In the past, it has been part of Bohemia, Hungary, the Habsburg Monarchy, Prussia, Germany and the Weimar Republic. Wrocław became part of Poland again in 1945 and now continues to thrive as a financial, cultural and commercial hub of western Poland.
Wrocław is a city on the Oder River in western Poland and has a population of around 630,000 people. Located at the crossroads of Central Europe, Wroclaw has had a long a varied history stretching back over a thousand years and its extensive heritage combines almost all religions and cultures of Europe.
1. Wrocławskie Centrum SPA
Besides being a spot for rest and relaxation conveniently located in the centre of town, Wrocławskie Centrum SPA is worth visiting just for its beautiful interior design.
The services offered will satisfy everybody, starting from swimmers, as there are 3 swimming pools, as well as gym or fitness club fans, or steam room lovers with various treatment rooms. Besides that the offer contains therapeutic and rehabilitating massages.
Built before the war in 1895, it is one of the most luxurious buildings in Poland. Clients have access to a pool and swimming baths, steam baths, showers, massages, a hairdresser, a restaurant and cafe and even a library.
2. Jewish Cemetery and art museum
If you walk along the high wall on Ślężna Street, you will probably miss what’s hidden behind it. If you’re a history fan, visit The Jewish Cemetery and art museum, where time slows all the way down.

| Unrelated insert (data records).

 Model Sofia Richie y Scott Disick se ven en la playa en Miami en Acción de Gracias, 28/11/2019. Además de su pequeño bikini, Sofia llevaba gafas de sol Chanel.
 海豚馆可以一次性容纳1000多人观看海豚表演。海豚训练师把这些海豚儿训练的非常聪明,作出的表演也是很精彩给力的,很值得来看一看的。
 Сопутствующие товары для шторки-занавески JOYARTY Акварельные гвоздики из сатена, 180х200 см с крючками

We recommend spending a few hours for this experience. Walk amongst sepulchral art, unusual ornamentation and beautiful architecture and really get to know the lives and stories of 12,000+ people buried here. Renowned people buried at the cemetery include Isidor and Neander Alexander, Leopold Auerbach, Julius Cohn, Heinrich Graetz, Friederike Kempner and Ferdinand Lassalle.
3. Gondola Bay
Why not experience the city of Wroclaw by water on the Odra river? Rent a row boat, canoe, motorboat or even gondola at the ‘Venice of the Eastern Europe’.

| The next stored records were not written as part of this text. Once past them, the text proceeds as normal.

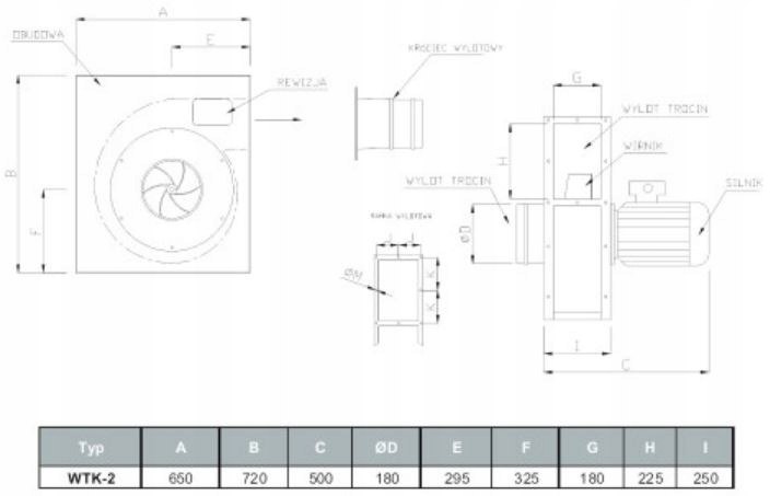 Wentylator do odciągu trocin Tywent WTK-2P 3500m3 – opis produktu. Szczegóły w źródle.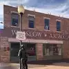 A street corner in homage to the song "Take it easy" that made the city famous with the passage "standing on a corner in Wislow Arizona" Statues of the two singers, a big crest of the 66, a big guitar and a shop with Glenn Frey's guitar in the window.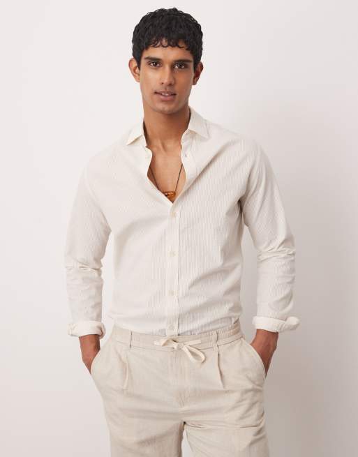 Mango – Biało-beżowa koszula z długimi rękawami z marszczonego materiału w paski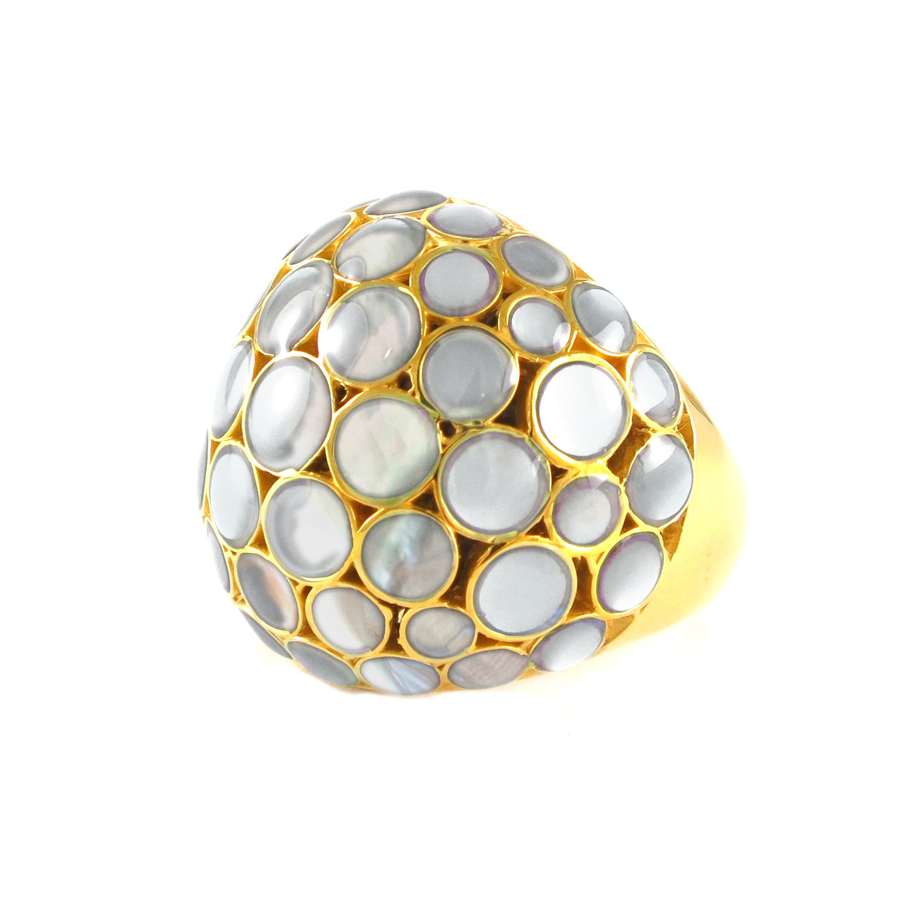 The Jan Leslie Bubble Collection features mother of pearl gemstones layered with vibrant hand painted enamel set across a domed shaped 18k gold vermeil finish sterling silver for a distinctive grand opalescence.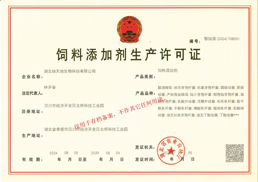 湖北綠天地生物科技有限公司 (簡稱綠天地公司)投資7000萬元,擁有25000平方米的廠房和國內(nèi)先進(jìn)的設(shè)備360臺套,建有微生物發(fā)酵、發(fā)酵冷凍干燥、低溫造粒等8個(gè)車間,發(fā)酵罐總?cè)萘?50立方米,專業(yè)的飼用級益生菌發(fā)酵生產(chǎn)基地。 公司已通過IS09001:2015質(zhì)量管理體系認(rèn)證。 綠天地公司得到了華中農(nóng)業(yè)大學(xué)、中國農(nóng)...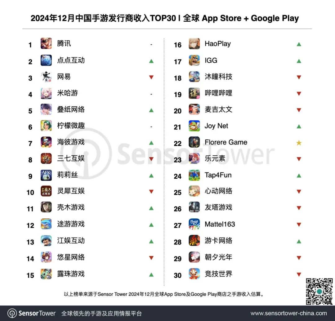 12月18日,米哈游《绝区零》全新1.4版本“星流霆击”正式上线,全新角色“星见雅”、“浅羽悠真”的登场和剧情、活动的推出,该游戏立即登顶中国App Store手游畅销榜,12月收入环比激增315%,重回榜单第11名。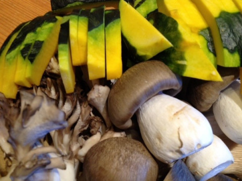 きのこいろいろ&かぼちゃカレーですよ〜。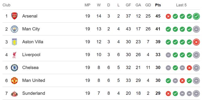 英超半程戰(zhàn)罷,積分榜前七名的格局可謂涇渭分明又充滿懸念。阿森納以45分強(qiáng)勢領(lǐng)跑,這個分?jǐn)?shù)已經(jīng)與阿森納2003-04賽季不敗奪冠時的半程積分相同,展現(xiàn)出了他們爭奪冠軍的穩(wěn)定性和決心。不過,2年前阿森納曾有過半程50分的壯舉,但仍在最后時刻被曼城反超。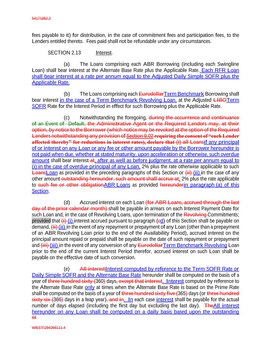54171882.2 68 WEST\294266111.4 fees payable to it) for distribution, in the case of commitment fees and participation fees, to the Lenders entitled thereto. Fees paid shall not be refundable under any circumstances. SECTION 2.13 Interest. (a) The Loans comprising each ABR Borrowing (including each Swingline Loan) shall bear interest at the Alternate Base Rate plus the Applicable Rate. Each RFR Loan shall bear interest at a rate per annum equal to the Adjusted Daily Simple SOFR plus the Applicable Rate. (b) The Loans comprising each EurodollarTerm Benchmark Borrowing shall bear interest in the case of a Term Benchmark Revolving Loan, at the Adjusted LIBOTerm SOFR Rate for the Interest Period in effect for such Borrowing plus the Applicable Rate. (c) Notwithstanding the foregoing, during the occurrence and continuance of an Event of Default, the Administrative Agent or the Required Lenders may, at their option, by notice to the Borrower (which notice may be revoked at the option of the Required Lenders notwithstanding any provision of Section 9.02 requiring the consent of “each Lender affected thereby” for reductions in interest rates), declare that (i) all Loansif any principal of or interest on any Loan or any fee or other amount payable by the Borrower hereunder is not paid when due, whether at stated maturity, upon acceleration or otherwise, such overdue amount shall bear interest at, after as well as before judgment, at a rate per annum equal to (i) in the case of overdue principal of any Loan, 2% plus the rate otherwise applicable to such LoansLoan as provided in the preceding paragraphs of this Section or (ii) (ii) in the case of any other amount outstanding hereunder, such amount shall accrue at, 2% plus the rate applicable to such fee or other obligationABR Loans as provided hereunderin paragraph (a) of this Section. (d) Accrued interest on each Loan (for ABR Loans, accrued through the last day of the prior calendar month) shall be payable in arrears on each Interest Payment Date for such Loan and, in the case of Revolving Loans, upon termination of the Revolving Commitments; provided that (i) (i) interest accrued pursuant to paragraph (cd) of this Section shall be payable on demand, (ii) (ii) in the event of any repayment or prepayment of any Loan (other than a prepayment of an ABR Revolving Loan prior to the end of the Availability Period), accrued interest on the principal amount repaid or prepaid shall be payable on the date of such repayment or prepayment and (iii) (iii) in the event of any conversion of any EurodollarTerm Benchmark Revolving Loan prior to the end of the current Interest Period therefor, accrued interest on such Loan shall be payable on the effective date of such conversion. (e) All interestInterest computed by reference to the Term SOFR Rate or Daily Simple SOFR and the Alternate Base Rate hereunder shall be computed on the basis of a year of three hundred sixty (360) days, except that interest. Interest computed by reference to the Alternate Base Rate only at times when the Alternate Base Rate is based on the Prime Rate shall be computed on the basis of a year of three hundred sixty five (365) days (or three hundred sixty six (366) days in a leap year), and in. In each case interest shall be payable for the actual number of days elapsed (including the first day but excluding the last day). TheAll interest hereunder on any Loan shall be computed on a daily basis based upon the outstanding

Gondola Bay is located on Purkyniego Street, between the National Museum (pl. Muzeum Narodowe) and Polish Hill (pl. Wzgórze Polskie) and is open between April and October.
4. Młyn Sułkowice market
Wroclaw is the home of many unique bazaars and market places, where you can buy everything from antiques to fresh fruit. There are few which are open throughout the week. Some of them only once in a week (Saturday, Sunday)or even once in a month.
One of our favourites is the market near Młyn Sułkowice, which is open every Sunday. Try to get there as early as you can, so you don’t miss out on the best stuff!

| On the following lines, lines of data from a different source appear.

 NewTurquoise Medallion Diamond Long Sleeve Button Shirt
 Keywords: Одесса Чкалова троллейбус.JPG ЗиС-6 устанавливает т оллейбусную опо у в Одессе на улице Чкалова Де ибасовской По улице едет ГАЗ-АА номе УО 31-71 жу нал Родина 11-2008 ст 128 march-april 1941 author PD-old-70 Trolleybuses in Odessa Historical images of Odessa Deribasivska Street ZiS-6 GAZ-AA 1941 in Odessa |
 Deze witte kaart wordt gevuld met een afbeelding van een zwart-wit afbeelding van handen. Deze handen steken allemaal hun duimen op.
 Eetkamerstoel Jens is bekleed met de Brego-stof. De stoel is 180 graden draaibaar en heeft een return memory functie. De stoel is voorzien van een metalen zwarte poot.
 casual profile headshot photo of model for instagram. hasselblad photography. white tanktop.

If you hunt through the hundreds of stalls in the market, you may be able to get your hands on some real treasures! We’ve been able to find some amazing vintage pieces, bicycles, a few pieces of furniture, electronics and delicious organic produce.
5. Inglica in front of centennial Hall
Iglica (meaning “spire” or “needle”) is a monument, a needle-shaped building, located just in front of Centennial Hall in Wroclaw. Initially it was 106 meters tall, but has had now 10 meters removed from the top, during the last renovation.
In 1948 Polish Communists built Inglica for an exhibition to celebrate receiving control over the “Regained Territories” after World War II.
Originally, Iglica was topped by a shield of rotating mirrors, which gave it a unique umbrella-inspired look during the day. And at night, it was the home of some spectacular light effects. Unfortunately, lightning destroyed the amazing design, just before the official opening and the shield was never repaired.
Fun fact: In 2007, Iglica was turned into Europe’s tallest Christmas tree.